→ **THE DATA**:
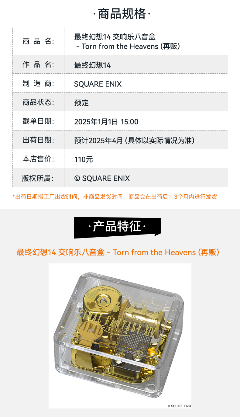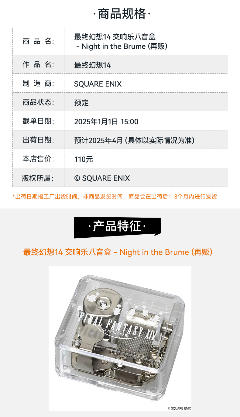 【GSC补款】最终幻想14 交响乐八音盒 Night in the Brume/Torn from the Heavens
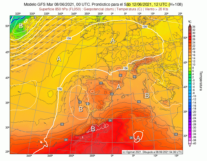 Una nueva vaguada parece que nos afectara al final de semana, si tenemos en cuenta que vamos a ir acumulando horas de calor a lo largo de la semana, podemos esperar un inicio del nuevo episodio algo movido en cuanto a gradiente termico vertical, por esa energia disponible inicialmente en capas bajas y entrada de aire frio en capas altas.
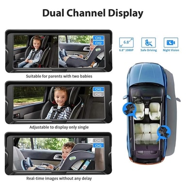 6,8 tuuman auton vauvanvalvonta, 360 asteen kierto, kaksoiskamera, 8 LEDiä, Full Color HD, infrapunayönäkökamera【Parannettu turvallisuus】 6,8 tuuman auton vauvanvalvonta kaksoiskameroilla vähentää vanhempien pään kääntämisen tarvetta ajon aikana ja vTutustu ominaisuuksiin
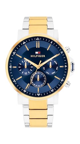Tommy Hilfiger Analogue Multifunction Quartz Watch for men with Silicone, Stainless Steel or Leather Bracelet, Day & Date Sub-Dials, 5ATM Water Resistant
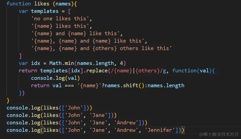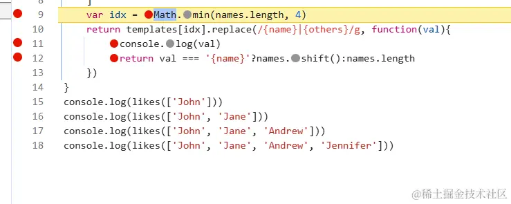 分别在9、11、12三个位置打上了断点,运行console.log(likes(['John']))时获取的idx为1,即使用模板一,通过正则表达式/{name}|{others}/g去匹配对应的数据,其中|代表或者,代表全局替换
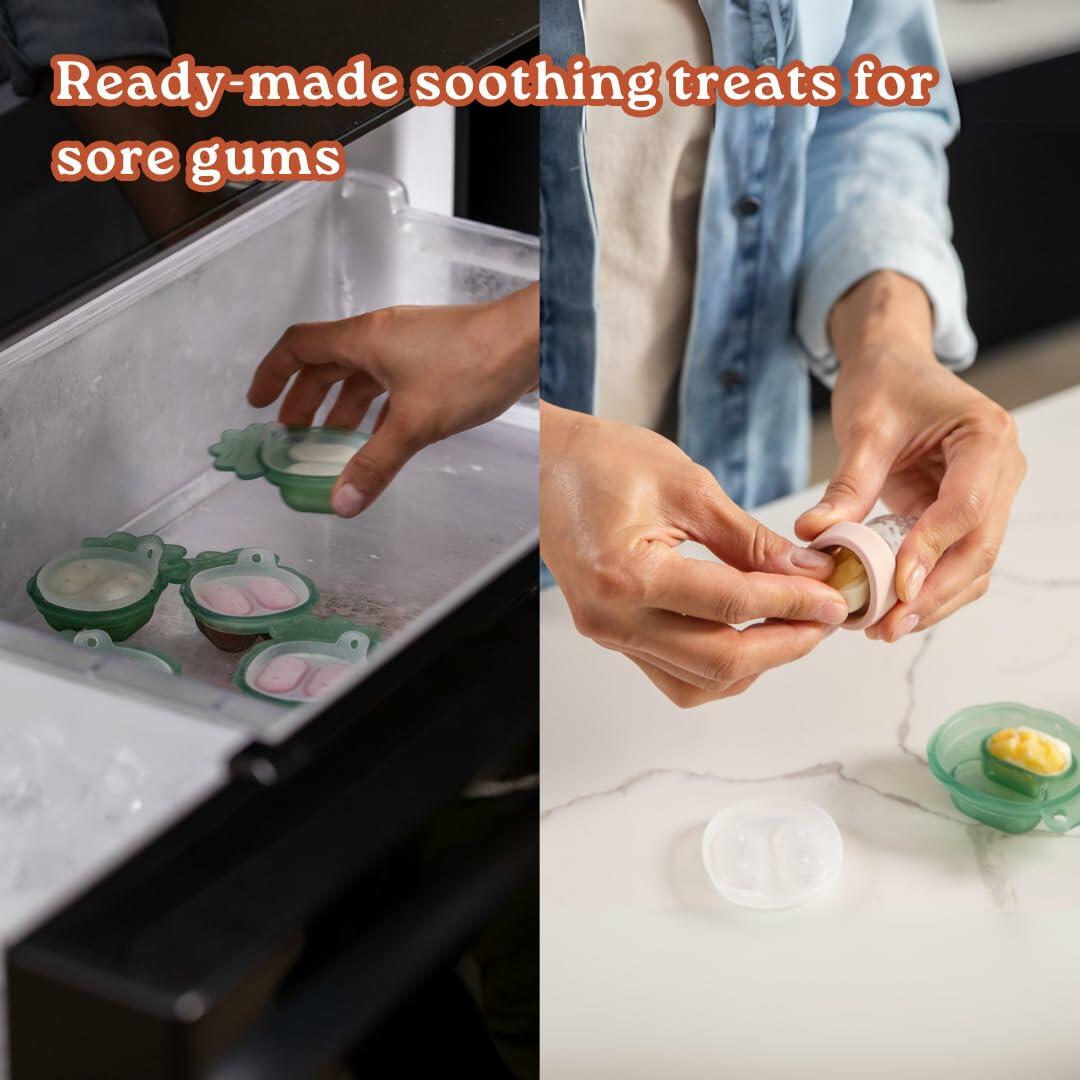 - SAFE & HYGIENIC MATERIALS: Constructed from 100% medical-grade silicone, our Freeze-N-Feed Mini Combo is non-toxic, BPA, PVC, and phthalate-free, making sure it’s safe for your baby to chew on. The baby fruit pacifier feeder includes a secure lid and stands upright on its cap, enhancing safety and ease of use.
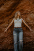 Ultra high rise 90's flare jeans with hole patches down the leg. Rise 11"; Inseam 34". Model is wearing a size 25 and usually wears a 26 or 27 and XL (34"/36") in length.
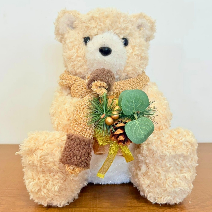 O Urso Sentado Decorativo Bege com Cachecol, Presente e Planta 29x25,5x23cm é uma peça encantadora que transmite aconchego e delicadeza para a decoração. Ele é perfeito para quem busca criar um ambiente natalino diferenciado, resolvendo a dificuldade de compor cenários acolhedores e sofisticados ao mesmo tempo.
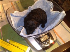 Vägdax: Det var med spänning jag la valparna på vågen. Vågen visade fina siffror.
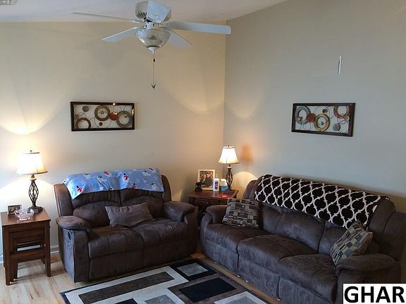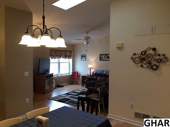 Bright, open, well-kept RANCH townhome not a condo w/ new laminate flooring installed 2010. Vaulted ceiling w/ skylight in dining & living. Lots of closets. Both BRs have in-suite bath. Spacious master with walk-in closet. Energy efficient. Gas water heater 2013. Attached 2 car garage with off-street parking for addl 4 cars. Easy one level living in quiet setting with low fees-no snow or grass to worry about...compare! Near I-83. Listing Agent:BRIAN KUGLER Broker:KEYSTONE REALTY GROUP, INC - 717-657-2001
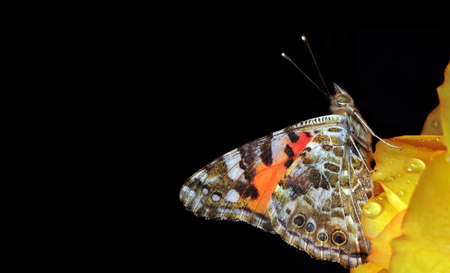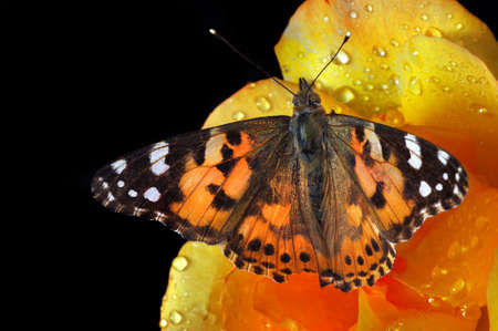 colorful butterfly on yellow rose petals in dew drops isolated on black. painted lady butterfly
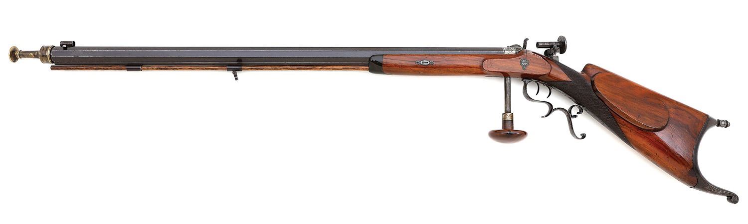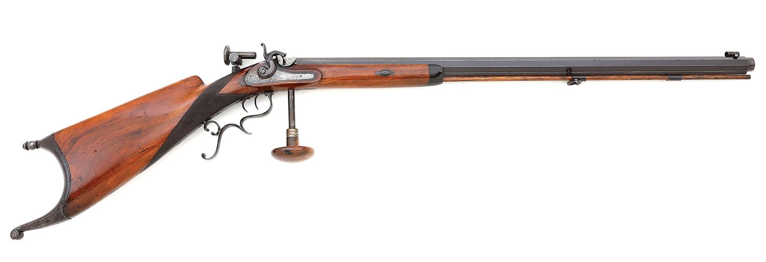 .40 cal, 33'' octagon barrel turned for starter with a bright excellent bore. The barrel retains perhaps 85% original plum-brown finish with areas toning to a deep gray patina under bright light, mild edge wear and some old oxidation speckling. The top flat is inlaid in silver with the maker's information ''H. BERG DAVENPORT IOWA.'' The breech plug with swirling bolster and tang have mostly toned to a silvery case-hardened patina while the lockplate retains some generous wisps of vibrant case-hardened colors and shows some light foliate scrollwork embellishments. The lockplate is nicely formed, following the contours of the raised stock flat, and the hammer is a nice plum-brown with attractive dolphin head. The fancy spur triggerguard shows some streaks of original bright blue in the protected areas mostly toning to gray-brown patina and the trademark Berg heavy schuetzen buttplate with acorn-like finial is a similar patina. The checkered walnut stock remains in very fine condition retaining about 92% original varnish showing a thin 5'' crack through the barrel wedge escutcheon on the left side along with some scattered light dings. The checkering with neatly mullered borders remains in very fine condition and the stock features nice left-side cheekpiece and horn tip. The rifle is sighted with a short tube aperture disc tang sight and target globe front with fine bead-on-post. A simple hickory ramrod is present along with a later nicely-made palm rest and starter. The lock with double set triggers seems to function well mechanically. Henry Berg was a very respected schuetzen rifle maker and prominent schuetzenverein member in Davenport. This elegant rifle is pictured and described on pages 204 & 205 of ''The American Percussion Schuetzen Rifle'' by Hamilton & Rowe. (13C11108-81) {ANTIQUE} [Tom Devers Collection] (2500/3500)
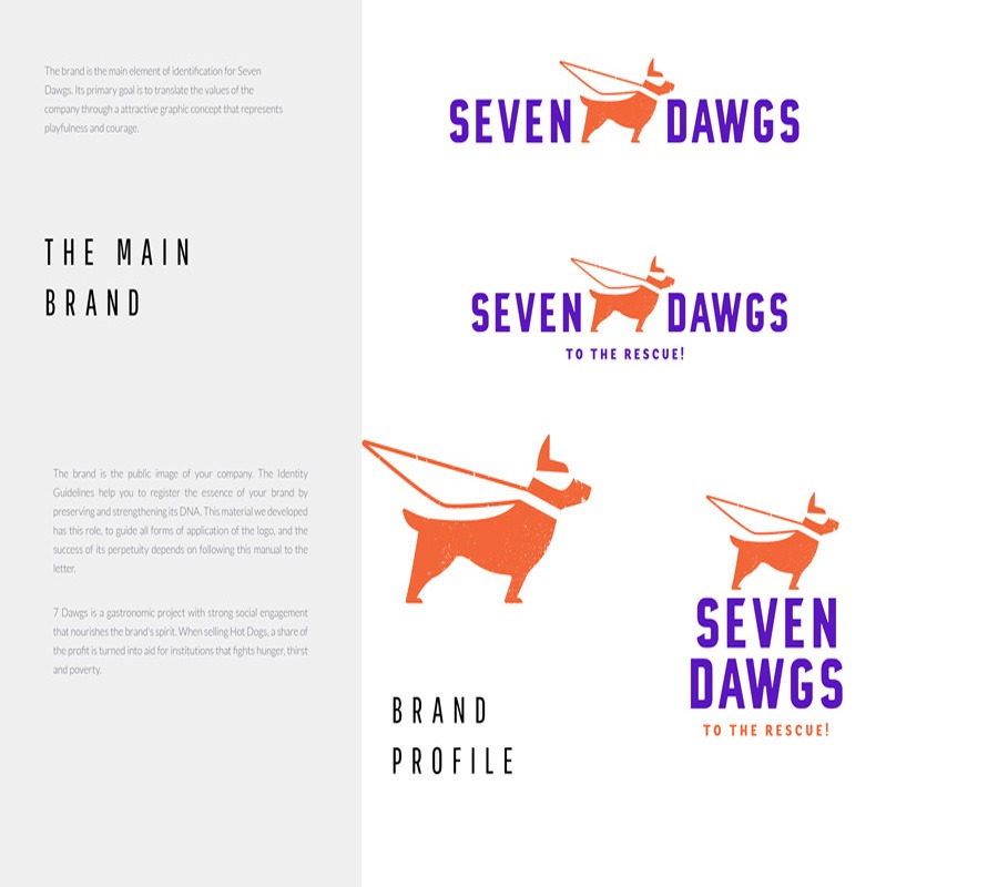 The brand is the main element of identification for Seven Dawgs. Its primary goal is to translate the values of the company through an attractive graphic concept that represents playfulness and courage. The logo has different applications, which is possible due its charismatic character.
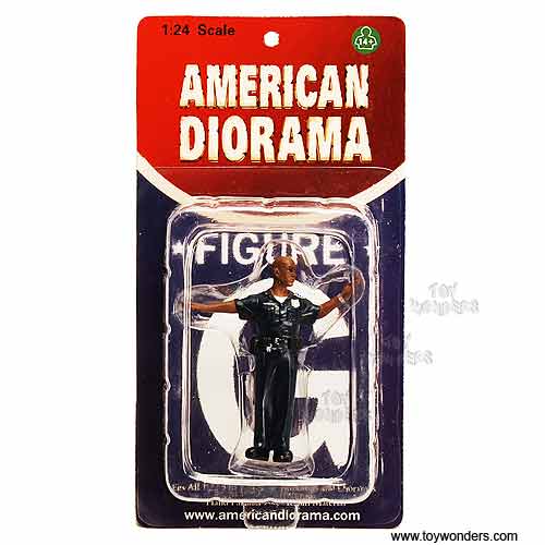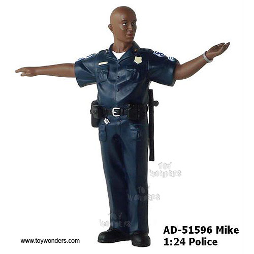 51596 American Diorama Figurine - 1:24 scale Police Mike Figure in DARK BLUE. Hand painted cold-cast resin. This 2.75" figure is great for decorating 1:24 scale cars and dioramas. Manufactured by American Diorama. Individually packed in a blister card. Card size: 3.75" x 7.5". 12 pcs per inner.
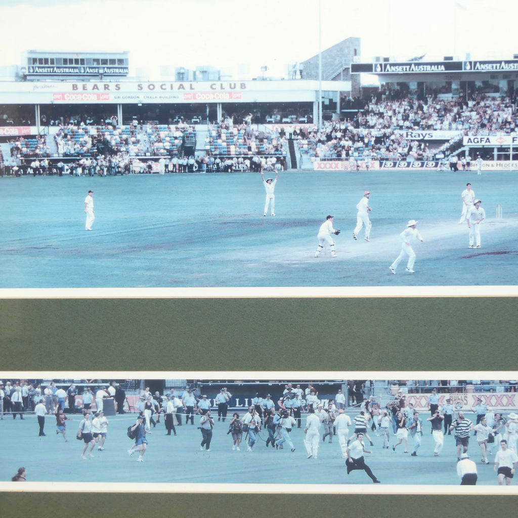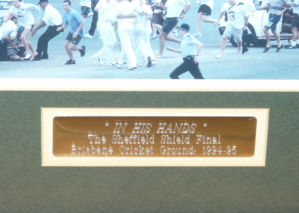 'In His Hands' is a panoramic photograph of The Sheffield Shield Final, Brisbane Cricket Ground 1994-95 which depicts Queensland's elusive first win, window mounted, framed & glazed together with companion panoramic photograph of the crowd celebrating on the pitch, window mounted, framed & glazed - finished with a descriptive framed brass plaque
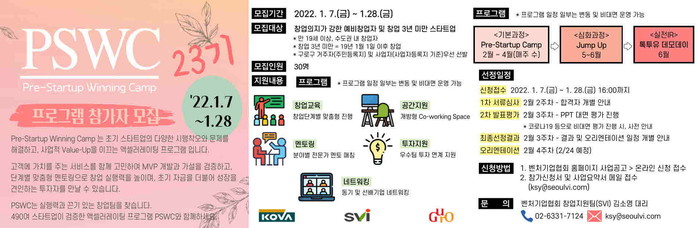 참가 신청은 구글폼을통해 신청한 후, 신청서 및 사업요약서 등 필요서류를 이메일(ksy@seoulvi.com)로 제출하면 된다. 신청 방법, 강의 일정 등 자세한 사항은 구청 홈페이지 새소식란을 참고하면 된다.
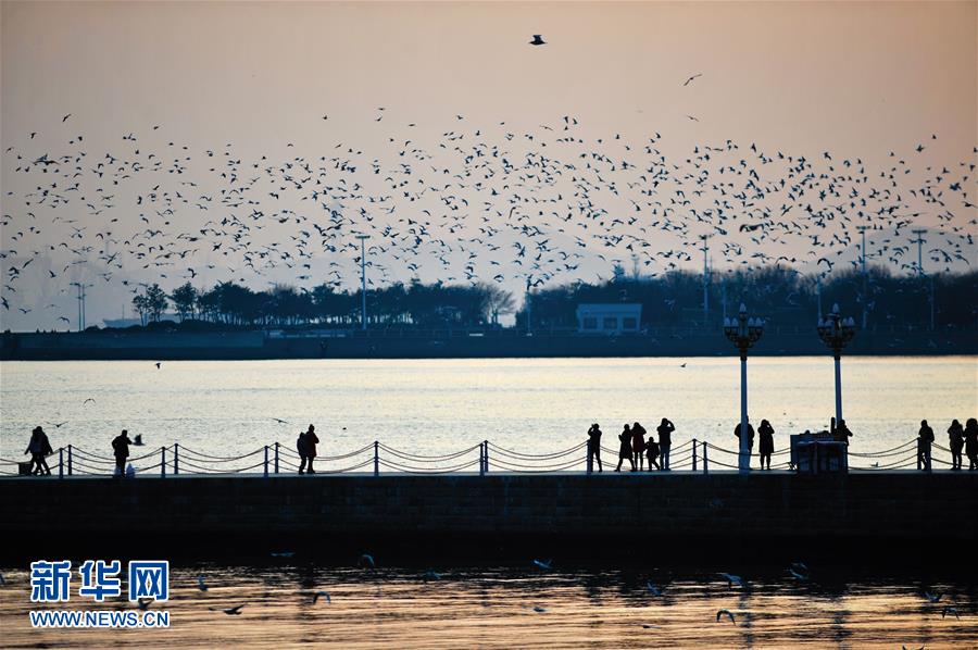 1月10日,水鳥在青島棧橋景區(qū)一帶飛翔。當(dāng)日,山東省青島市天氣晴好,黃昏時分沿海一帶景色迷人。 新華社發(fā)(王海濱 攝)
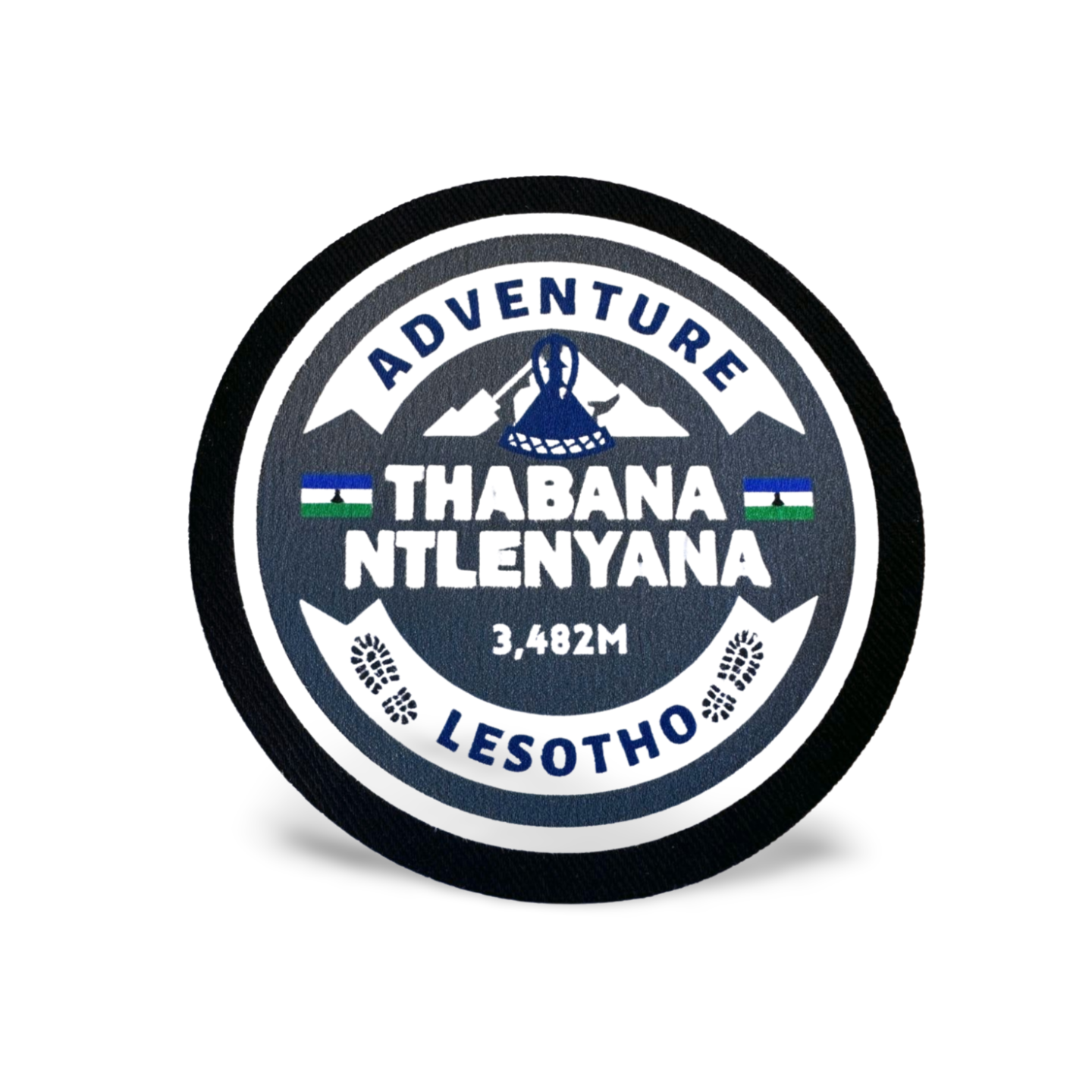 A silk print badge, roughly 7cm in diameter depicting the Thabana Ntlenyana trail of Lesotho.

→ **EXERCISE GOAL**:
Everything in the records above should be printed again exactly, except the pictures.

→ **TASK ANSWER**:
 【GSC补款】最终幻想14 交响乐八音盒 Night in the Brume/Torn from the Heavens
 Una nueva vaguada parece que nos afectara al final de semana, si tenemos en cuenta que vamos a ir acumulando horas de calor a lo largo de la semana, podemos esperar un inicio del nuevo episodio algo movido en cuanto a gradiente termico vertical, por esa energia disponible inicialmente en capas bajas y entrada de aire frio en capas altas.
 6,8 tuuman auton vauvanvalvonta, 360 asteen kierto, kaksoiskamera, 8 LEDiä, Full Color HD, infrapunayönäkökamera【Parannettu turvallisuus】 6,8 tuuman auton vauvanvalvonta kaksoiskameroilla vähentää vanhempien pään kääntämisen tarvetta ajon aikana ja vTutustu ominaisuuksiin
Tommy Hilfiger Analogue Multifunction Quartz Watch for men with Silicone, Stainless Steel or Leather Bracelet, Day & Date Sub-Dials, 5ATM Water Resistant
 分别在9、11、12三个位置打上了断点,运行console.log(likes(['John']))时获取的idx为1,即使用模板一,通过正则表达式/{name}|{others}/g去匹配对应的数据,其中|代表或者,代表全局替换
 - SAFE & HYGIENIC MATERIALS: Constructed from 100% medical-grade silicone, our Freeze-N-Feed Mini Combo is non-toxic, BPA, PVC, and phthalate-free, making sure it’s safe for your baby to chew on. The baby fruit pacifier feeder includes a secure lid and stands upright on its cap, enhancing safety and ease of use.
 Ultra high rise 90's flare jeans with hole patches down the leg. Rise 11"; Inseam 34". Model is wearing a size 25 and usually wears a 26 or 27 and XL (34"/36") in length.
 O Urso Sentado Decorativo Bege com Cachecol, Presente e Planta 29x25,5x23cm é uma peça encantadora que transmite aconchego e delicadeza para a decoração. Ele é perfeito para quem busca criar um ambiente natalino diferenciado, resolvendo a dificuldade de compor cenários acolhedores e sofisticados ao mesmo tempo.
 Vägdax: Det var med spänning jag la valparna på vågen. Vågen visade fina siffror.
 Bright, open, well-kept RANCH townhome not a condo w/ new laminate flooring installed 2010. Vaulted ceiling w/ skylight in dining & living. Lots of closets. Both BRs have in-suite bath. Spacious master with walk-in closet. Energy efficient. Gas water heater 2013. Attached 2 car garage with off-street parking for addl 4 cars. Easy one level living in quiet setting with low fees-no snow or grass to worry about...compare! Near I-83. Listing Agent:BRIAN KUGLER Broker:KEYSTONE REALTY GROUP, INC - 717-657-2001
 colorful butterfly on yellow rose petals in dew drops isolated on black. painted lady butterfly
 .40 cal, 33'' octagon barrel turned for starter with a bright excellent bore. The barrel retains perhaps 85% original plum-brown finish with areas toning to a deep gray patina under bright light, mild edge wear and some old oxidation speckling. The top flat is inlaid in silver with the maker's information ''H. BERG DAVENPORT IOWA.'' The breech plug with swirling bolster and tang have mostly toned to a silvery case-hardened patina while the lockplate retains some generous wisps of vibrant case-hardened colors and shows some light foliate scrollwork embellishments. The lockplate is nicely formed, following the contours of the raised stock flat, and the hammer is a nice plum-brown with attractive dolphin head. The fancy spur triggerguard shows some streaks of original bright blue in the protected areas mostly toning to gray-brown patina and the trademark Berg heavy schuetzen buttplate with acorn-like finial is a similar patina. The checkered walnut stock remains in very fine condition retaining about 92% original varnish showing a thin 5'' crack through the barrel wedge escutcheon on the left side along with some scattered light dings. The checkering with neatly mullered borders remains in very fine condition and the stock features nice left-side cheekpiece and horn tip. The rifle is sighted with a short tube aperture disc tang sight and target globe front with fine bead-on-post. A simple hickory ramrod is present along with a later nicely-made palm rest and starter. The lock with double set triggers seems to function well mechanically. Henry Berg was a very respected schuetzen rifle maker and prominent schuetzenverein member in Davenport. This elegant rifle is pictured and described on pages 204 & 205 of ''The American Percussion Schuetzen Rifle'' by Hamilton & Rowe. (13C11108-81) {ANTIQUE} [Tom Devers Collection] (2500/3500)
 The brand is the main element of identification for Seven Dawgs. Its primary goal is to translate the values of the company through an attractive graphic concept that represents playfulness and courage. The logo has different applications, which is possible due its charismatic character.
 51596 American Diorama Figurine - 1:24 scale Police Mike Figure in DARK BLUE. Hand painted cold-cast resin. This 2.75" figure is great for decorating 1:24 scale cars and dioramas. Manufactured by American Diorama. Individually packed in a blister card. Card size: 3.75" x 7.5". 12 pcs per inner.
 'In His Hands' is a panoramic photograph of The Sheffield Shield Final, Brisbane Cricket Ground 1994-95 which depicts Queensland's elusive first win, window mounted, framed & glazed together with companion panoramic photograph of the crowd celebrating on the pitch, window mounted, framed & glazed - finished with a descriptive framed brass plaque
 참가 신청은 구글폼을통해 신청한 후, 신청서 및 사업요약서 등 필요서류를 이메일(ksy@seoulvi.com)로 제출하면 된다. 신청 방법, 강의 일정 등 자세한 사항은 구청 홈페이지 새소식란을 참고하면 된다.
 1月10日,水鳥在青島棧橋景區(qū)一帶飛翔。當(dāng)日,山東省青島市天氣晴好,黃昏時分沿海一帶景色迷人。 新華社發(fā)(王海濱 攝)
 A silk print badge, roughly 7cm in diameter depicting the Thabana Ntlenyana trail of Lesotho.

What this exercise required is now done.